Сережа приоткрыл один глаз и посмотрел на экран телевизора, где как раз чествовали греческую певицу, выигравшую в этом году Евровидение.
… Ага, значит, все же не играют. А жаль. Было бы очень круто. Я, размахивая российским флагом под звуки гимна… Нет, это уже что-то из футбола. Грубо. Ладно, я просто стою, обмотавшись флагом. Но тогда не будет видна грудь. Это нехорошо. Флаг придется накинуть на плечи. Но тогда не будет видно рук, а я же наверняка перед этим буду месяц торчать в тренажерном зале. Мда, как же быть? На бедра как-то нехорошо вроде получается, флаг все же… Так, вариант с флагом еще надо будет серьезно обдумать.
…И тогда по моей щеке скатилась скупая слеза радости. Или это как-то несолидно? Но ведь спортсмены плачут и ничего. И мисс там всякие, мисс Мира, мисс Вселенная, тоже всегда рыдают от счастья. А эти почему-то не плачут. Или плачут?
Сережа опять приоткрыл глаз и стал пристально наблюдать за певицей-гречанкой.

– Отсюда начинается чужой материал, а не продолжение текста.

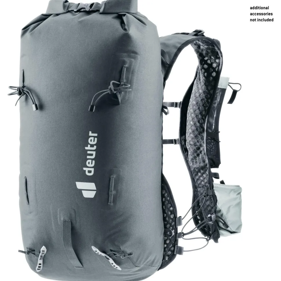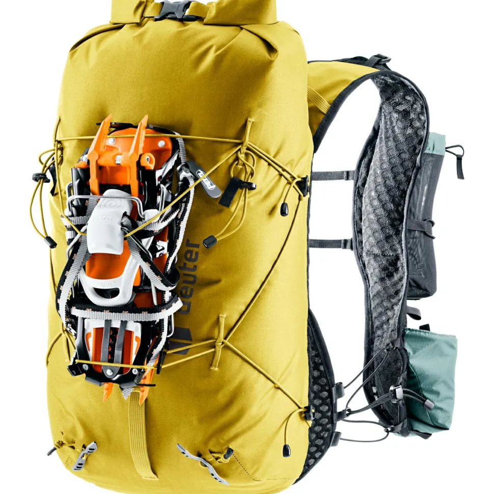 Durch das strapazierfähige Material eignet sich der deuter Vertrail 16 ideal für Hochtouren, zum Alpinklettern und Speed Hiking. Der Tourenrucksack ist aus robustem Material hergestellt und dank einer TPU-Beschichtung wasserdicht. Abgeklebte Nähte auf der Innenseite schützen Deine Ausrüstung gegen das Eindringen von Feuchtigkeit. Das Lite Tragesystem mit den ergonomisch vorgeformten Schulterträgern sorgt beim Zustieg zur Route für hohen Tragekomfort. Durch den praktischen Rollverschluss kannst Du unterwegs rasch auf den Inhalt zugreifen.

Нет, не плачут. А жаль. Было бы очень эффектно. Я же артист, я бы сделал это как положено, без подстав. «Титаник» отдыхает! А потом я бы сказал: «А сейчас хочу поблагодарить свою маму, всех своих близких и родных за то, что с детства верили в меня и поддерживали во мне любовь к пению. Также я хочу сказать огромное спасибо ансамблю «Непоседы» и Лене Пинджоян, которая дала мне путевку в жизнь…» Так, кому еще надо сказать «спасибо»? Целая толпа народа! Надо на бумажке выписать.
Сережа открыл оба глаза и потянулся к ручке, лежащей на журнальном столике.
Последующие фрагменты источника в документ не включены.